Telugu is an Indian language spoken by over 50 million people in the country. The language is rich in literature and has been studied by native and foreign linguists significantly, yet it has not benefited significantly from the recent advances in computational approaches for linguistic or statistical processing of natural language texts. Andhra Pradesh state, where Telugu is spoken, shares borders with 5 different states which speak Tamil, Kannada, Marathi, Hindi and Oriya. Thus, in regions along the borders with these states, the dialect of Telugu is different, although the script and formal (written) language are the same. It has recorded origins around 7th century AD and became a literary language around 11th century AD.

However with the recent progress in standardization of machine representation of text, applications like machine translation and information retrieval are beginning to surface. Multilingual applications such as machine translation, multilingual book reader with transliteration and translation capabilities, and Indian language search engine have all been built over the transliteration tools and Indian language data generated by DLI (Digital Library of India).

An integral part of many of the applications based on natural language processing is the morphological analyzer/generator. Although Telugu language has ancient origins, and is today spoken by such a large number of people, and is spoken in a State with significant advancements in the information technology, few advances have been made in computational linguistic processing or computational natural language processing in this language.

An information retrieval (IR) system, which manages text resources, processes words to extract and assign content descriptive index terms to documents or queries. As we use naturally spoken or written language, words are formulated with many morphological variants, even if they are referred to as a common concept. Therefore stemming has to be performed in order to allow words, which are formulated with morphological variants, to group up with each other, indicating a similar meaning. Most of the stemming algorithms reduce word forms to an approximation of a common morphological root, called "stem", so that a relevant document can be retrieved even if the morphology of their own words is different from the one of the words of a given query. It is interesting to note that a stemming algorithm is a special case of query expansion due to the fact that it provides the searchers a way to expand the set of query terms with their morphological variants.

Speech recognition and speech synthesis also need a powerful stemmer to give stems and derivations. Stemmers can improve the retrieval effectiveness of information retrieval systems, however the designing and the implementation of stemmers requires a laborious amount of effort due to the fact that documents and queries are often written or spoken in several different languages. There is no standard Telugu stemmer is available thus the reason there is need to develop Telugu stemmer.
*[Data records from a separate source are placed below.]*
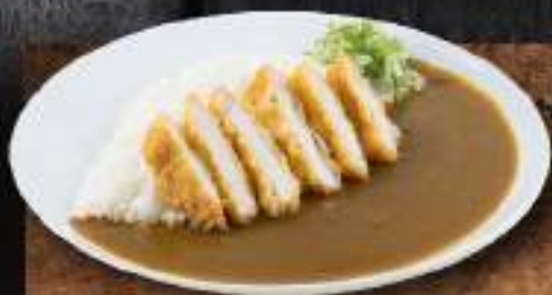
PORK KATSU CURRY (Pork Cutlet on the Beef Curry Rice) 128K*
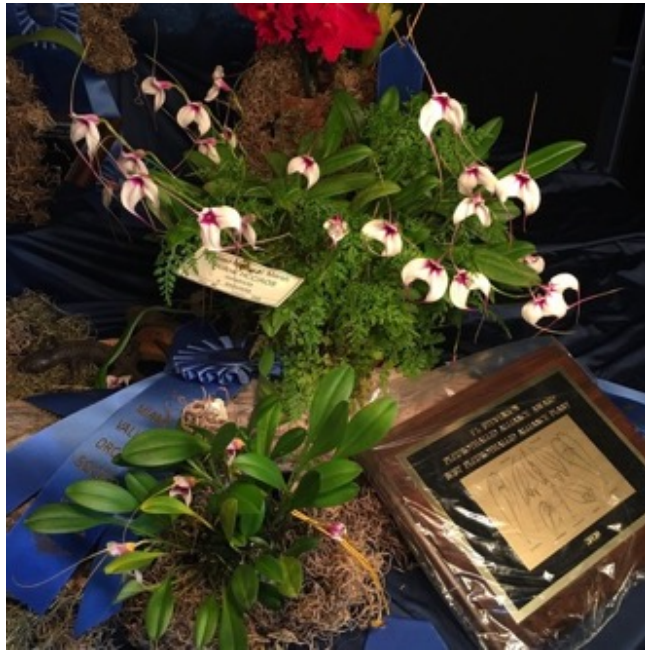
F L Stevenson Award for Best Pleurothallid awarded to Masd . Marinrod 'Marsh Hollow' HCC/AOS owned by New Vision Orchids, Yorktown, IN.

The Miami Valley Orchid Society also awarded it their Al May Pleurothallis Award.
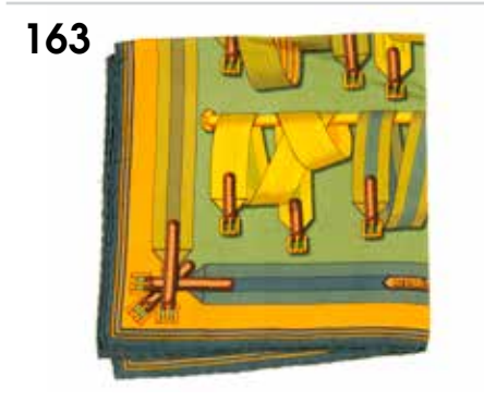
HERMÈS - a silk 'Les Sangles' pocket square. Designed by Joachim Metz, first issued in 1985, featuring hanging straps in shades of green and yellow with a border of further straps with buckle ends and a teal rolled edge. Measuring 43 by 43cms. £30-50 ( plus 27.6% BP* )

HERMÈS - an 'Ex-libris' silk scarf. Designed by Hugo Grygkar, featuring horse drawn carriages in navy and sky blue tones on a white background. Measuring 89 by 89cms. £70-100 ( plus 27.6% BP* )
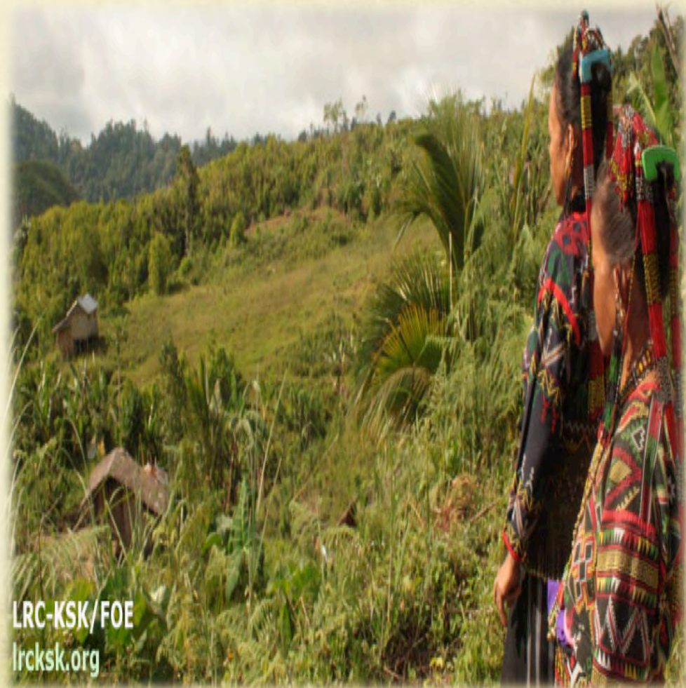
Lake Sebu, South Cotabato
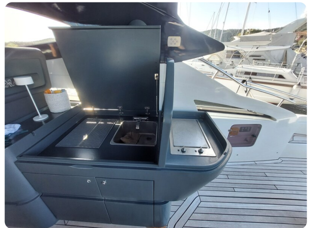
Rizzardi IN five Fiftyfive.jpg
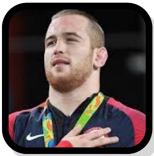
Session 7 -
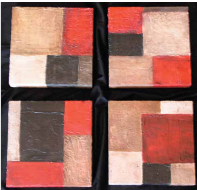
The classic combination of red, white, and black is emerging as a strong trend in all sectors of decor. These paintings on canvas, displayed against black fabric, are from Tre Sorelle Home Designs.

brown with deep colors. Brown is definitely a keeper.
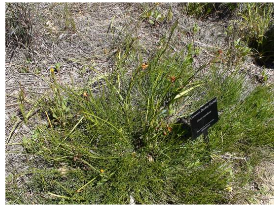
Common Donkey Orchid (Diuris corymbosa).

What orchid expedition in SW Western Australia would be complete without the ever popular spider orchids. This one is Caladenia georgeii , the Tuart Spider Orchid, (well this is the identification friends in WA supplied, and who am I to disagree with the experts.)
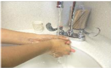
1. Wash your hands.

Follow the steps below to clean your inhaler.
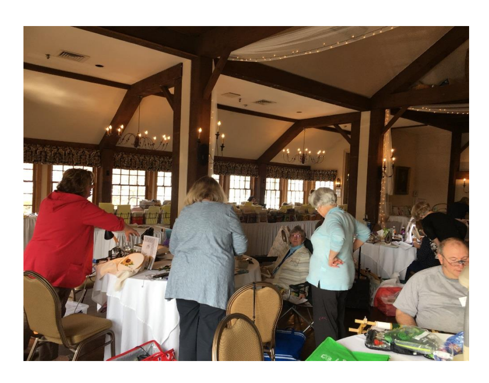
What fun to hear the buzz of all the conversations and laughter!

Strong (or aggressive) stemmers may reduce the size of the index for a given corpus drastically. However, stemming is afflicted with two kinds of errors: understemming and overstemming. Understemming is the case where words that should have been grouped into the same class are not so, and the performance is suboptimal. When too many unrelated words are merged together, then it is the case of overstemming. This leads to a reduction in precision during retrieval and an increase in the error rate for classification. One may also note that with increase in the strength of a stemmer, recall is increased, but either retrieval precision or classification accuracy (or both) is degraded. This may be concluded by observing that increase in stemming strength gradually leads to a reduced number of stem classes, and in an extreme case, all the words belong to a single stem class, which provides none of the information required for classification or retrieval.
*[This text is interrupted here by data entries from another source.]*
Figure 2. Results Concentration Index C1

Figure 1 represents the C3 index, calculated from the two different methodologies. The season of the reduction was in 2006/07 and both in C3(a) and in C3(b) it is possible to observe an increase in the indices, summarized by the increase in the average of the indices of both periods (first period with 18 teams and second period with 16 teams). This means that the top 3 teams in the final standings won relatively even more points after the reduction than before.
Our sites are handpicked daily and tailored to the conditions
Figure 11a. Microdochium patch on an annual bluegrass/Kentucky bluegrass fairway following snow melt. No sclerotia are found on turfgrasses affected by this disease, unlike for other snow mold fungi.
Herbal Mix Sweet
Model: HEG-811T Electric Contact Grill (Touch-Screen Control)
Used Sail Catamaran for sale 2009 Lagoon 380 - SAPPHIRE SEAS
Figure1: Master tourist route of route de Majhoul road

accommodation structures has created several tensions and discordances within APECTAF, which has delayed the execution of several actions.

Thus, the general objective in designing a stemmer is to ensure that classification accuracy and retrieval precision are maintained. In this paper, we describe the design of such a stemmer.
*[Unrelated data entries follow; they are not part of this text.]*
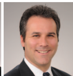
David M. Cohen Real Estate
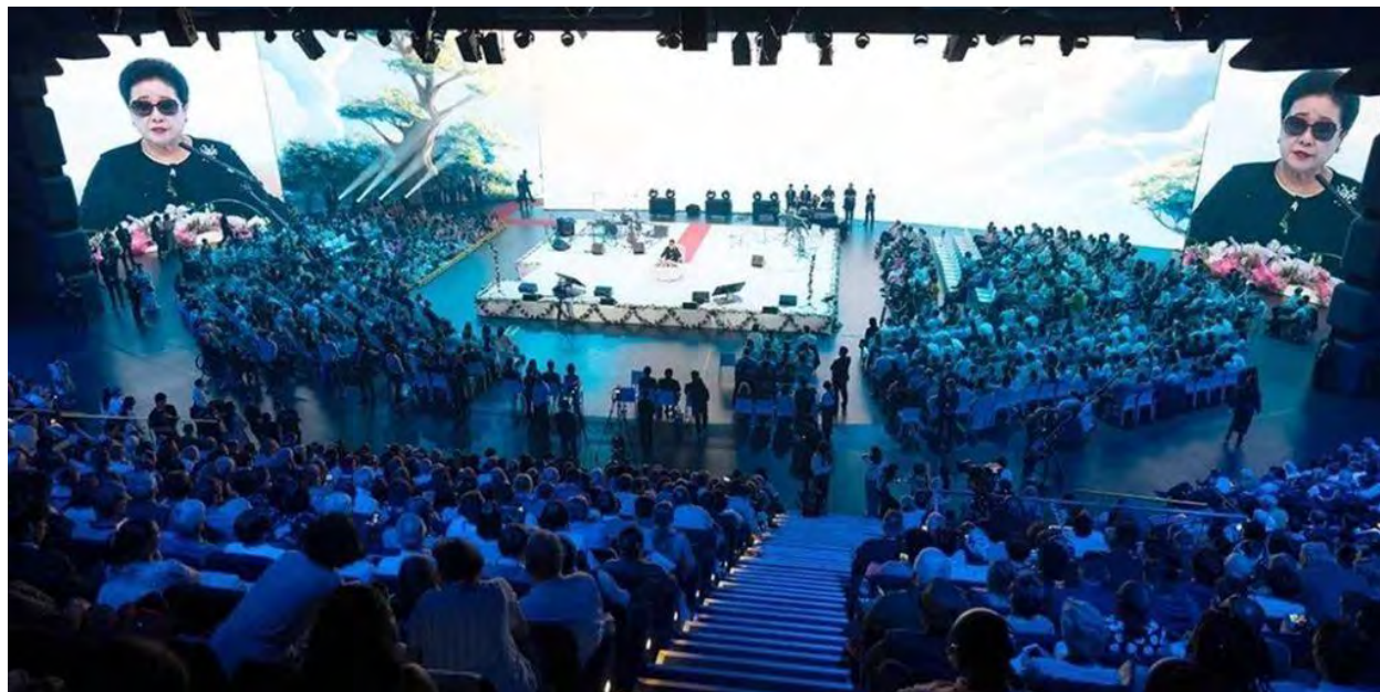
Mother Moon on stage during the Bloom Festival, in Showpalast, Munich, Germany 19th May 2024

I remember when Mother came to Munich. Did any of you go to Munich for the Bloom festival?
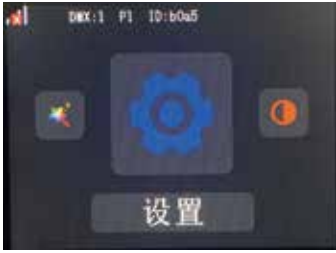
Ballast setting options
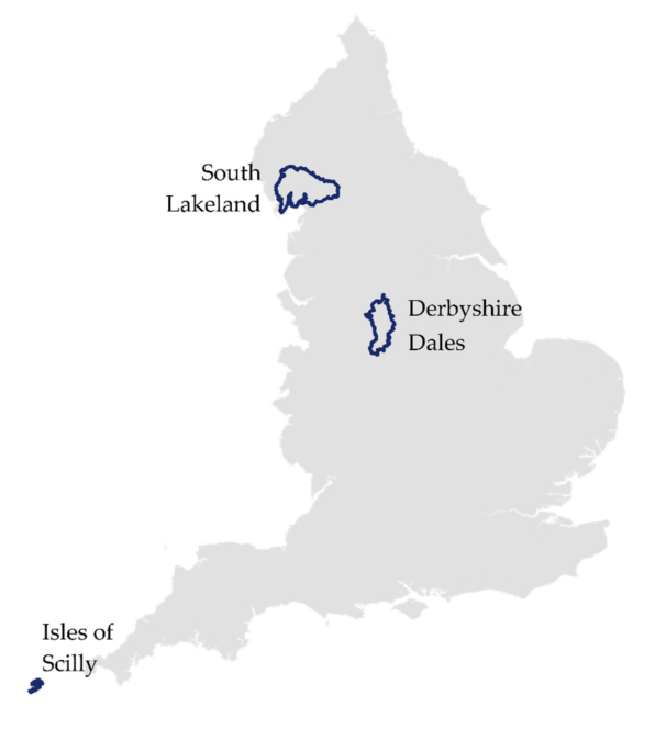
Figure 3. Local authority case studies in England.

Based on the CARTI results in Figure 2, three local authorities were selected as case studies with which the validity and usefulness of the CARTI could be explored at the local authority level. In Figure 3, the Derbyshire Dales, South Lakeland and Isles of Scilly were selected based on their contrasting CARTI scores, geographical distribution, and due to transport and CAEV-related projects and trials occurring in these local authorities at the time of the study. A national perspective on the CARTI's use was also sought in a workshop with the Department for Transport's (DfT) Chief Scientific Advisor. Online workshops with these transport and planning professionals within the case study areas were carried out to establish their perspectives on the CARTI and its potential application within their respective regions. These workshops were conducted in accordance with the Declaration of Helsinki [79] and approved by the University of Nottingham Faculty of Engineering Ethics Committee, the results of which are reported in the following section.

Our approach is partly in line with Goldsmith approach. It is based on split-all method. This method uses Boltzmann distribution. The work presented in this paper focuses on the development of an unsupervised Telugu stemmer will be used in retrieval task. This work is a part of our ongoing work on cross-lingual information retrieval (CLIR).


Consider corpus is taken. A heuristic is applied is called that take-all-splits heuristic, and which considers all cuts of a word of length l into stem+suffix w1,i + wi+1,l, where 1 ≤ i < l.

The function H(.) assigns a value to a split of word w of length l: w1,i +wi+1,l. H does not assign a proper distribution; we use it to assign a probability to the cut of w into w1,i+wi+1,l . Clearly the effect of this model is to encourage splits containing relatively long suffixes and stems.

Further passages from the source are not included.